Oleh Syarif Yahya-
--16 Januari 2015 lalu, di hadapan puluhan para intelektual dan aktivis gerakan Islam Bandung, AE Priyono, seorang peneliti, direktur eksekutif LP3ES Jakarta menyampaikan pandangan yang cukup menarik terkait masalah politik Islam Indonesia dengan demokrasi politik Nasional.<>
Pada diskusi bertema “Civic-Islam: Sebuah Keharusan” di Kantor Penerbit Nuansa Cendekia Bandung, AE Priyono menyampaikan bahwa Islam-Politik di Indonesia dianggap gagal. Sementara Islam non-politik (Islam-informal) juga mengalami kemerosotan peranan.
Islam-politik dalam kategori ilmu sosial yang dimaksud di atas adalah kelompok Islam yang memainkan partai Islam sebagai kendaraan untuk mengurus negara, mengurus rakyat, dan mengawal kebangsaan Negara Kesatuan Republik Indonesia (NKRI).

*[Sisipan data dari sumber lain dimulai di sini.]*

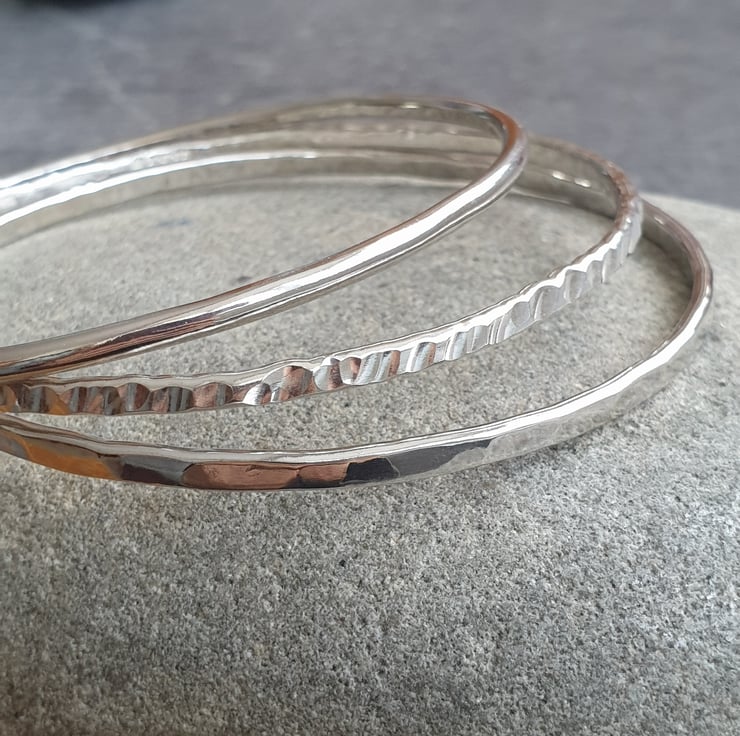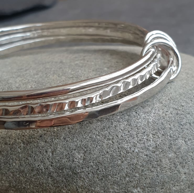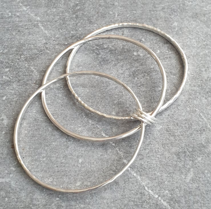 This sterling silver bangle set has been handmade using traditional silversmithing techniques. The set of three bangles are formed from heavy gauge wire which I've shaped and textured: two have different hammer textures and one has been left smooth. I've linked the bangles together with three spinner rings, also with a smooth finish. The entire set has been given a bright shiny polish - a perfect piece of classic silver jewellery which is made to last!

Dalam konteks demokrasi, keselamatan bangsa dan perbaikan hidup rakyat (umat), partai-partai politik Islam tidak berhasil memberi nilai lebih. Bahkan dalam penelitian AE Priyono di lembaganya, Civic-Virtue-Indonesia, Islam-politik tidak bisa lagi dijadikan alternatif mengatasi problematika politik parlementer karena faktanya tidak mampu menghambat penyakit politik berbahaya, yakni plutokrasi (kekuasaan yang dikendalikan oleh orang-orang kaya), dan plutonomi (pertumbuhan ekonomi yang dikendalikan oleh orang-orang kaya dan berputar pada golongan orang kaya). Sebagai contoh, Partai Keadilan Sejahtera (PKS) di Indonesia – seperti halnya AKP di Turki – justru menjadi bagian dari masalah bangsa, menjadi masalah bagi umat Islam sendiri. Demikian dengan partai-partai Islam dan juga politisi-politisi berhaluan Islam di partai sekular lainnya.
Lebih jauh lagi, AE Priyono melihat, Islam-politik di Indonesia sudah kehilangan elan vitalnya sebagai kekuatan transformatif. Islam-politik justru merupakan kombinasi dari konservatisme politik dan konservatisme agama. Pada kenyataannya, cita-cita Islam untuk emansipasi sosial tidak mendapat tempat di Indonesia.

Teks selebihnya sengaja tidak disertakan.